John J. Raspanti

Cedric Agnew: “Sergey Kovalev is a good fighter, but I’ve got a plan”

Fifty years ago, a young, undefeated fighter danced into the Miami Convention Center and shook up the world.

The fresh upstart was facing an indestructible force – a boxer so feared that other fighters avoided him.

That night, 22-year-old Cassius Clay, a 7-1 underdog, captured the heavyweight championship of the world, stopping Sonny Liston in six rounds.

On Saturday, at the Boardwalk Hall in Atlantic City, N.J., another virtual unknown will be attempting to make history.

Cedric Agnew (26-0, 13 knockouts) is no Cassius Clay, but he’s undefeated and loaded with confidence. A lot of people in his hometown of Chicago believe Agnew can defeat unbeaten WBO light heavyweight titleholder Sergey Kovalev.

Agnew, 26, has boxed most of his life. He built an early reputation by capturing gold medals at the 2003 Sweden Cup, and 2004 and 2006 Chicago Golden Gloves.

But for his father, and a brand new gym located in the heart of Chicago, Agnew’s talent might have gone untapped.

“My brother and I had reached such a high level in amateur boxing in Chicago,” Agnew told RingTV.com. “When we tried to enter a tournament they’d ask what gym we represented. By us not being with a formal gym, they wouldn’t let us into these tournaments,” he said. “The Harvey Boxing Club was just opening at that time. My father had talked to the head trainer over there and we went over to the gym. That’s how it all started.”

The Harvey Boxing Club originated in an old vacant garage to give underprivileged young people somewhere to go and to stay out of trouble. Agnew had no problem adhering to the strict rules of the gym.

“There was discipline when I was going,” Agnew said. “At some gyms, parents drop their kids off. It wasn't like that at Harvey. If you went there after school, you had to make sure your homework was done before you could practice.

“If you were falling behind in school, you couldn’t fight in the tournaments. It was very much disciplined. They have positive people around. The atmosphere was great.”

Agnew values his time spent at the boxing club.

“I learned incredible things while I was there,” said Agnew. “The coaches and staff really took the time to work with me. I worked with some good amateurs. All the way round it was a great place to be.

“I’ve learned things at pretty much every where I’ve gone, but I was glad I ended up there.”

Agnew draws inspiration from remembering where he came from. He’s a grinder who has flown under the radar for years. Could a big name promoter have helped him? Probably, but Agnew is fine with the way things have turned out.
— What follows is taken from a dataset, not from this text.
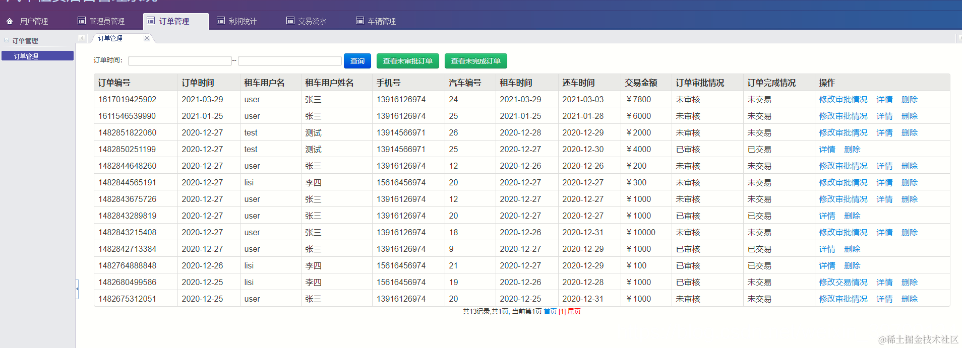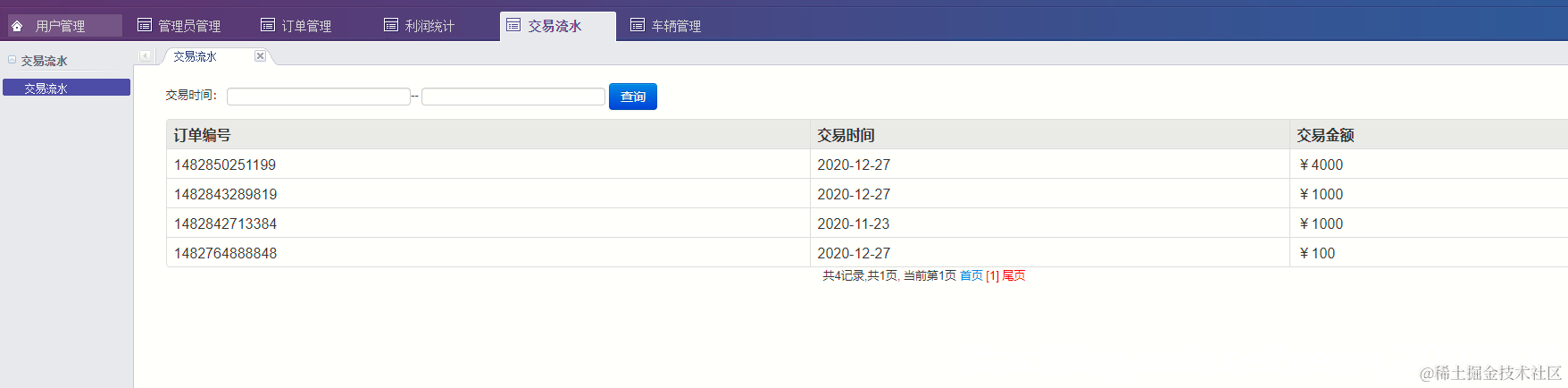 交易流水管理车辆管理,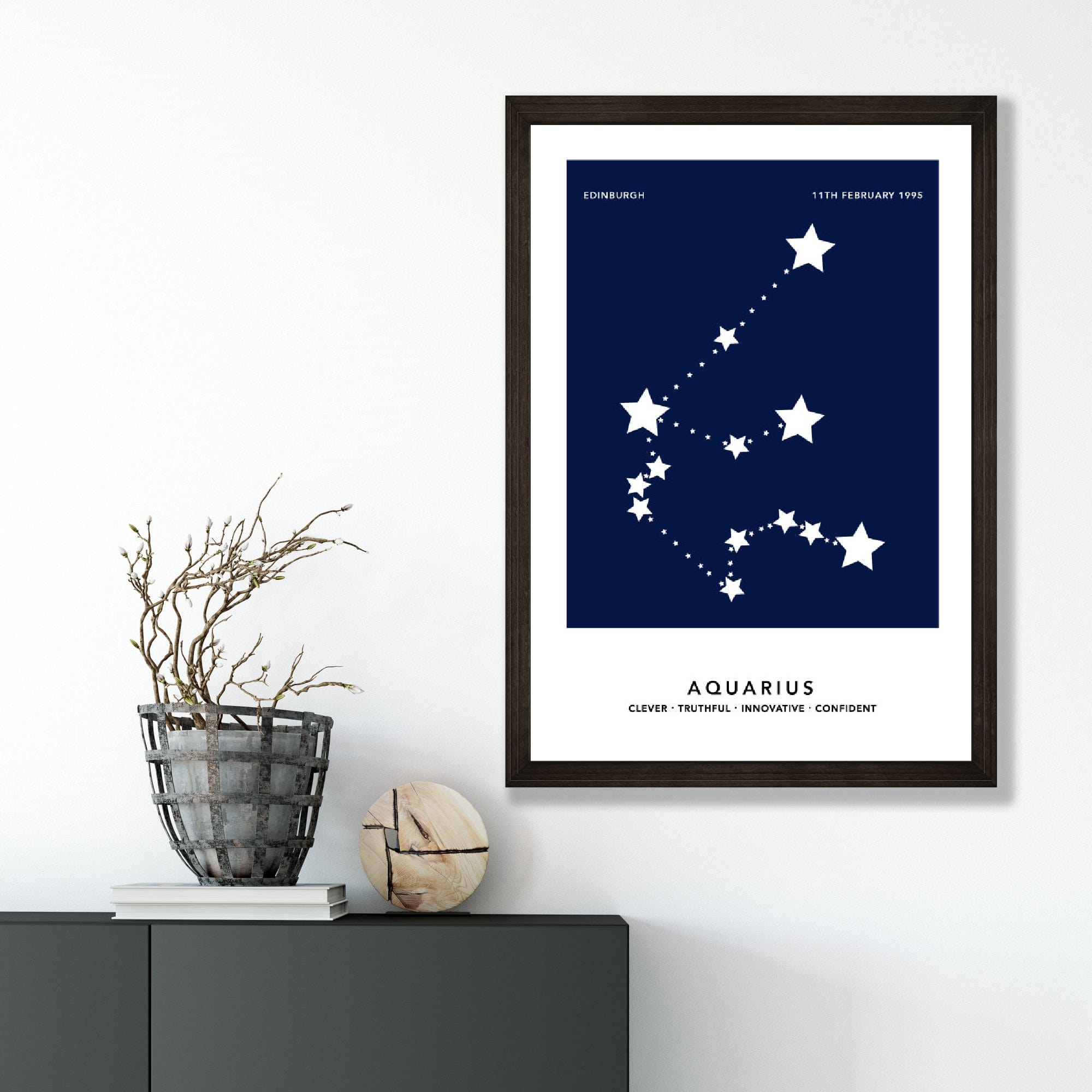 Bring your star sign to life with a stunning Aquarius print! Immerse yourself in a star-studded paradise and create a magical aura with this personalised Print. Transform any space into a captivating celestial dream!

“None of these people were around when I started,” said Agnew, alluding to the more famous promotional companies. “Even with my record getting better and better, they still weren’t around. And then recently, they started coming around. It was a matter of; did I want to bother with them now? Or keep working and pushing. I kept working.

“I’ve always had to be a self-motivated person,” Agnew added. “I started boxing at eight. I was traveling across the world at the age of 13. Some of these tournaments you go to, they have a team coach. You’re not allowed to bring your own coach.

“Basically you’re there alone – you don’t really know any of these people. It can be lonely. So, you have to push yourself as much as you can.”

Agnew won’t be lonely in the ring on March 29 when he faces the aggression and power of Kovalev. The 30-year-old puncher from Chelyabinsk, Russia has knocked out 11 of his last 12 opponents. Kovalev was last seen in the ring demolishing former contender Ismayl Sillakh in the second round. Agnew has been keeping tabs on the defending champion for some time now. He has a pretty good idea what to expect.

“I think he’s a good fighter,” said Agnew. “But he’s basically a ‘what-you-see-is-what-you-get’ kind of an opponent. He hits hard. I’ve seen quite a few of his fights. He’s looking to knockout everybody they put in front of him.”

Agnew believes his style will give Kovalev trouble.

“He punches well and sometimes real well,” said Agnew. “I’ve fought fighters who have great power. There are ways you fight these people. You have to adapt to any opponent. You have to have a game plan coming in – not just to win a percentage of the rounds, but to win all three minutes of every round.

“He’s coming to knock you out,” he said. “To avoid that, you have come in and fight with a tip-top game plan.”

Agnew’s game is the opposite of Kovalev's. He's all about speed and elusiveness, not knockouts.

How does he plan to stay out of the range of the heavy-handed bomber?

“There are a lot of things you can do to neutralize a power-puncher,” Agnew said. ”You can go to the body. You can use angles all day. Everybody knows that for a power puncher to punch hard – to generate that power, his feet have to be set. His feet can’t be set if you’re always giving him angles. He’s constantly looking for you.”

The heavy underdog feels that he has one obvious advantage, suggesting that of Clay in the ring so long ago.

“My brain. I’m a smart fighter,” said Agnew. “It’s got years and years of fighting. I’ve been polishing my talent and working on what I’ve been doing at a great level. I have a plan.”